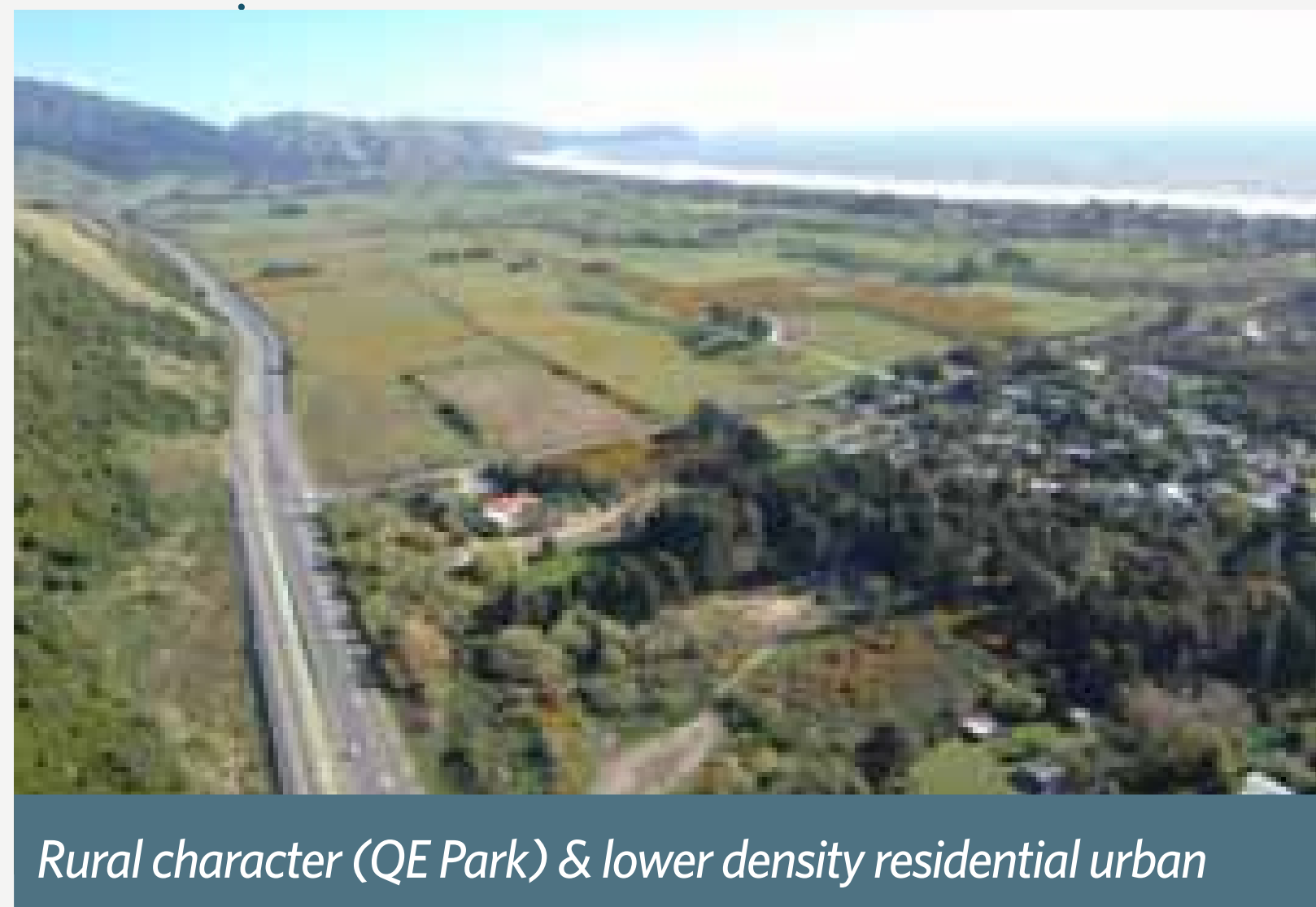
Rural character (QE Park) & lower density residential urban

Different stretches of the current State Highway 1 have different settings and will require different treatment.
...
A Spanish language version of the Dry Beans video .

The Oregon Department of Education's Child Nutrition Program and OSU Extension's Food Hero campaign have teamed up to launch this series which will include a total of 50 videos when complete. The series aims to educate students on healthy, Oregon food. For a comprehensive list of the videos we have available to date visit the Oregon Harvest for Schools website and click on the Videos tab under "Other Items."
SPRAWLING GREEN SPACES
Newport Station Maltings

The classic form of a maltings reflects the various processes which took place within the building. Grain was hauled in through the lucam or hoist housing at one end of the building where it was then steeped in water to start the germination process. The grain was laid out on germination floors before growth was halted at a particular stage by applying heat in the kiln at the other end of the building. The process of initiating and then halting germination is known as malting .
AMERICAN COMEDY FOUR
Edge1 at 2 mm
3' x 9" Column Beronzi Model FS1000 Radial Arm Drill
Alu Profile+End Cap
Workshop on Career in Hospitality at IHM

» **TASK ITEM**
From the records above, give again exactly the lines running from the line with "Rural character (QE" to the line with "Different stretches of", inclusive.

» **OUTPUT OF THE EXERCISE**
Rural character (QE Park) & lower density residential urban

Different stretches of the current State Highway 1 have different settings and will require different treatment.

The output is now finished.